Top legal blogger - and BigLaw trainee-to-be - Ashley Connick has hit the jackpot and got a piece published on The Lawyer on internet stalking by law firms. He's a sensible and clever chap, serious and correct on many things (not his slavish devotion to Chelsea and its roster of grotesques, but many other things). You should read the whole piece here
- and I have no doubt that Ashley
would engage with you on twitter
too, should you have anything to say.
He's blogging on the "right
" of law firms to check out potential and current employees' social media profiles (that's Facebook, Twitter and the like, grandad). He likes to think they shouldn't do it, and hopes that they don't - but admits he can see why they might. I think his approach is reasonable and correct, but I was more taken by the view of Jon Harman (a College of Law media guru, who tweets as @colmmu
), who has said he believes:
"employers have no right to undertake ’cyber-surveillance’ on candidates or employees. He [Harman] has said to me [Connick] many times that he would not wish to work for an organisation that would choose to use such a method during its recruitment process, and would not consider putting an employee or prospective employee’s name into a search engine.
Is this noble? Yes. And naive? Definitely. Because everyone, probably including the College of Law (with the notable exception of Jon, obviously), is prone to a bit of googling. I have no idea about the legal position - I only practised in the City - but let's cut to the practical reality about your electronic footprint.
By putting up your personal details, your photographs, the stuff you "like", I reckon you are volunteering your right to privacy. For free, with nothing in return other than the opportunity to look at your friends' Instagram snaps of them dancing at other friends' weddings (that's the thin end - such is my advanced age, I'm now stuck looking at effin' baby scans). You might as well pin up one of those sexy cards in a phonebox. Even my own father -
brain the size of a planet - has moved from sending roguely capitalised
and unpunctuated text messages to constantly tweeting. Your
life is writ large on the internet; it's all your fault, and it's never too early to start worrying about it.

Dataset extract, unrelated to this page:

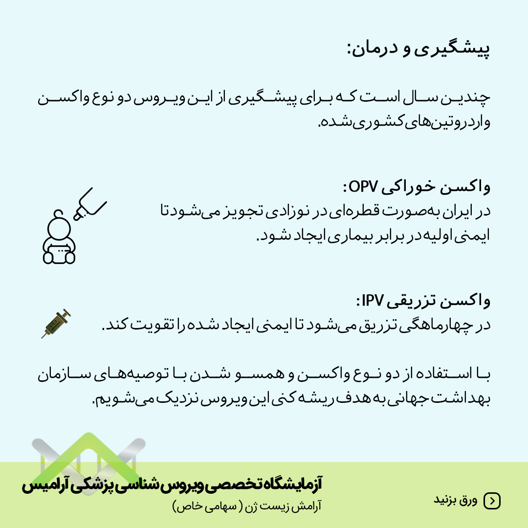 پیشگیری و درمان: چندین سال است که برای پیشگیری از این ویروس دو نوع واکسن وارد روتین های کشوری شده.

Possibly uniquely, Pinsent Masons has a big, trendy disclaimer
expressly stating the firm does not stalk people across the internet when it comes to hiring decisions. Personally, I think they're protesting a bit too much,
but see no reason why I shouldn't take them at their word. Nope, none at all.
But all this
really means is that every other firm doesn't just reserve the right, but is likely to exercise it, too. They're all panicked about their reputations, which rest heavily on the "personal brand" (ugh) of staff. One slip, one tiny foot out of place, and you're in Shearman & Sterling G4 Dubai roasting hell. If you've got a track record of things which could have the potential to embarrass a law firm (and it's a very low bar), you're not exactly going to stick it on an application form, are you? And whilst drunkeness is probably fine (I saw some extraordinary things in my time), your prospective employer wants to be sure there's no evidence of you bitching about work (like, omg lol!!!
), sieg heil-ing (see Burley, Aidan, the case of
), or bumming a goat. Or just being a public school boy idiot - that's like kryptonite to your average law firm.
Matthew of RollOnFriday fame is always bullish about this stuff.
His advice is stark - delete every profile you have. Leave no trace. That's probably a bit nuclear. So just be safe, kids - ramp up your privacy settings to 11. And then get back to posting photos of your own arse.
It's well-known that firms like their trainees to bond before they start their training contracts, if only to make sure they'll all get on when proofing bundles of photocopying on 3am. So they stick a credit card behind a trendy bar (in my day, it was £50 quid at the snooker hall), and tiptoe out of the room in the hope the children will play together nicely.
One night, a future trainee cohort got a bit tipsy. The booze was rapidly drained, and twitter started to burn holes in pockets. Cue the inevitable stream of late-night
tweets about what a great bunch all the trainees were, just how much free booze had
been provided - and how much of it had been imbibed. Wot larks! The next day, cue hasty
backtracking and deletion of tweets. OK, the firm in question is nice and friendly (and not adverse to getting the legal media sozzled on its tab). It probably wouldn't have given a toss about the inebriation. But in this climate the partners would have suddenly sat up had the Daily Mail written a piece about 23 year olds bragging about getting pissed in a posh City bar, funded by a City law firm. It's not fair, it's probably not right. But it's unavoidable. So much easier to be boring.
If you've got something awfully incriminating - and public - on your Facebook profile (and it does need to be truly awful), or have sent some ill-thought out tweets
, you can probably expect your training contract application to be politely and quietly binned. If you're lucky, you'll get a standard-form letter - "many more high-quality applicants than we could possibly interview
" etc etc ad infinitum
. Take today's news
about the Newcastle University law student who has admitted
sending Stan Collymore racist abuse on Twitter. He might have been a
brilliant, hard working City lawyer, a star partner in the making. But
today, his career is over. Well, maybe Pollyanna Pinsents will still take him on.